A basic rule in every fair trial is that a person is presumed innocent until proven guilty.

Going by definition, an accusation is simply a claim by someone over a person they deem guilty of a significant offense. When making an accusation, it’s your word against theirs, so there has to be solid proof that the crime occurred and was done by the person accused. And if the accused has to face trial to prove their innocence, that shouldn’t be a reason for them to be labeled a criminal unless convicted. The State is also responsible for verifying anyone of being truthfully guilty and not automatically pointing fingers at the accused party.

Once a person has been convicted, the consequences are often severe and devastating. Whether the accused committed the crime or not, it can destroy anyone’s life. Coercion or forcing someone to confess to speed up the investigation process is improper. It only worsens the situation and adds distress to the ones involved with the accused. The importance of the rule of law that dictates how the person should be given a chance to prove themselves is a fundamental right, and author Drake Alexander explores that in his book Coup.

Level The Playing Field

Everyone has the right to be presumed innocent. The system had made countless blunders on that part due to the urge to be hasty and partly laziness.
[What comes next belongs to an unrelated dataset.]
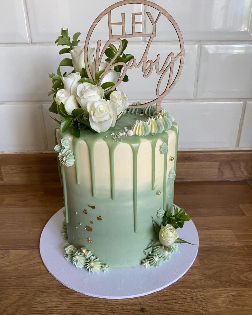 This elegant cake features a sage green ombre effect at the base and a smooth sage green “drip” falling from the top. It is topped with a cluster of fresh white roses and a wooden “Hey Baby” sign. The gold leaf flecks and small pearls scattered on the sides add a touch of sparkle to the organic green tones.
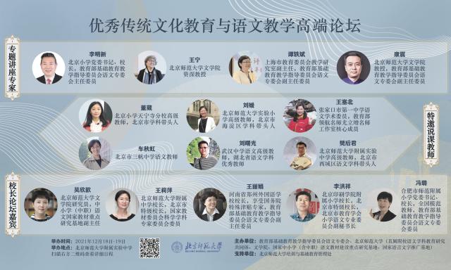 2021年12月18日至19日,“优秀传统文化教育与语文教学”高端论坛在36365线路检测中心no1附属实验中学顺利举行。本次论坛由教育部基础教育教学指导委员会语文专委会和36365线路检测中心no1联合主办。

The desire to get it over with doesn’t help because it goes on record and would be nearly impossible to fix or take back. We know that justice is best served hot, consistently, and without delay. However, we must also consider that sometimes, hastiness leads to error and may put a permanent label on the person who never did any wrong. This is why, ideally speaking, it wouldn’t be nice to level the playing field by not labeling the accused a ‘criminal’ right away. And wouldn’t it be ideal to wait for a verdict by the court before we label someone criminally guilty?

How To Treat The Accused Properly

It’s vital that the State protects that fact and not make the things under wraps public. Keeping investigative details discreet will serve as protection for the accused. It would’ve been ideal if the media didn’t disclose the identity of the accused and police officers covered the person’s face so they won’t be outed and shamed to a personal extent by both the press and the public. Other countries, however, don’t work that way. The former is an excellent example of a presumption of innocence. At the same time, the latter fails to protect the accused by subjecting them to trauma and anxiety from being labeled a criminal without concrete evidence.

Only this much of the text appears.